Peter hizo una mueca.
– Procuraré que no lo hagan -dijo cortésmente.
Lunes 15.45-16.25 horas
Dos días de inactividad, casi permanentemente confinado en un cuarto de hotel, era mucho más de lo que Peter Congdon podía soportar. Cuando hubo terminado el proceso de registrar su partida en el Emerson y en el Shoreham, y se dirigía al «Case’s Bar», estaba dispuesto a arremeter solo contra toda la mafia. Cualquier cosa con tal de que hubiera un poco de acción.
Había dejado el taxi en la calle G, Suroeste, en la esquina de Siete, para poder practicar un reconocimiento de la zona. Era un barrio residencial, sin peatones y con muy pocos automóviles. Nadie lo había seguido, nadie lo conocía. Todo era paz.
Caminó una manzana y dobló a la derecha por la calle H. Una manzana más allá llegó a la intersección con la Nueve y el barrio dejó de ser residencial para hacerse portuario. La Calle H era ahora una arteria desierta y mal cuidada, las aceras de ladrillo estaban rotas y resultaban peligrosas. A la izquierda había una pequeña tienda de barcos en miniatura con cruceros expuestos en estanterías metálicas, unas cuantas casas rodantes estacionadas y apuntaladas, algunas vallas y el sonido de una perforadora eléctrica. Delante el rápido tránsito de la avenida Maine. Más allá las instalaciones de la Nash Marine Supplies y, al fondo, las aguas canalizadas del Potomac. A lo lejos, a la derecha, los puentes elevaban su permanente carga de tránsito. Al fondo, a la izquierda, aterrizaban y despegaban aviones en las pistas del National Airport.

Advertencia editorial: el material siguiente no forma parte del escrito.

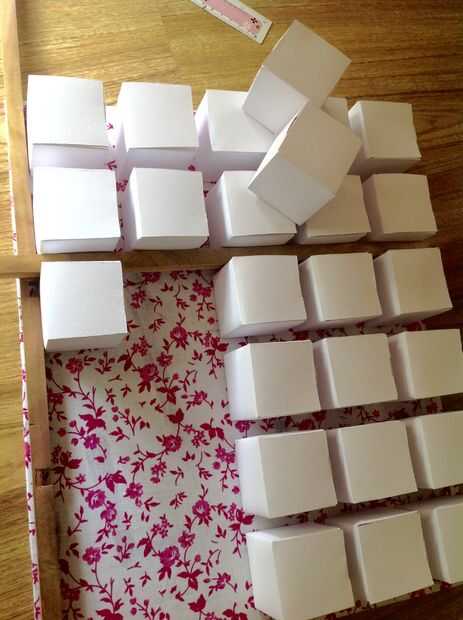 Asegúrese de que el cuadro se abre en el mismo lado cuando pegado. Usé 1/2" tacos como guías. Después escriba los números 1-30 en las cajas. ¿31? bien... puede ir ese día a wilde:-D!

El «Case’s Bar» estaba sobre la acera de recha de la calle H, frente a la tienda de barcos en miniatura. Un aparcamiento lo separaba del «Fagship Restaurant», situado en la esquina de la avenida Maine. Era un edificio cuadrado, de dos plantas, con paredes de ladrillo blanqueado y una cancela que sobresalía de la fachada. Las altas ventanas de la planta baja estaban defendidas por rejas y las del primer piso estaban clausuradas. Un gran cartel de neón rezaba: «The Original Case’s Bar and Restaurant», pero el cartel estaba apagado y el edificio parecía desierto; no obstante, la puerta-cancel permanecía entreabierta. Gorman sabía elegir los lugares, pensó Peter. Aquél era desolado y tenía un aire siniestro aun a las quince treinta horas. Le podían asaltar y despojar, o acechar y asesinar sin que nadie se preocupara.
Controló el estacionamiento que separaba los dos restaurantes, luego regresó a la desigual acera de ladrillo, abrió la puerta-cancel del «Case’s» y probó la puerta interior. Para su sorpresa, estaba abierta. Por un momento había creído que tendría que esperar al senador en el minúsculo hall formado por la puerta-cancel.

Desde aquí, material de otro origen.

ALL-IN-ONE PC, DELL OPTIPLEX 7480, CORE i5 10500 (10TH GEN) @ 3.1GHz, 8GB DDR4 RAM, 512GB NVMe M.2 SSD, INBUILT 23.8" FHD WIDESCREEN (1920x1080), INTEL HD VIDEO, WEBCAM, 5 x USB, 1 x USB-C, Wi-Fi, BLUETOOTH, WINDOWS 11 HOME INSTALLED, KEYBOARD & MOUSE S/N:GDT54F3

Al entrar se encontró en el salón comedor, al bar se llegaba pasando por una puerta a la izquierda. Las persianas estaban cerradas y la única luz provenía de una lámpara central y del cartel de neón rojo que decía «bar». Delante había una mesa de recepción, en aquel momento desierta, y el salón-comedor se prolongaba hacia la derecha. Las mesas, cubiertas por manteles blancos, parecían fantasmas en la oscuridad.
El bar estaba casi tan oscuro como el restaurante, pero por lo menos había algunos clientes. El mostrador se extendía sobre la pared opuesta a la puerta y, de pie junto a él, había tres individuos que parecían más bien vagabundos que marineros.
Mesas y sillas se alineaban a lo largo de la pared interior. También había un jukebox, que anunciaba cien melodías populares. Su resplandor fluorescente era la luz más brillante que había en el salón.
Peter se sentó en la segunda mesa, frente a la puerta. No le gustaba lo que veía. Los parroquianos tenían un aspecto siniestro, el encargado del bar lucía una barba de dos días y la rechoncha camarera, que se acercó a su mesa, tendría que haber lavado su delantal una semana antes. En ese ambiente, el senador Gorman y el pulcro Peter Congdon se destacarían como dos astronautas en un velatorio.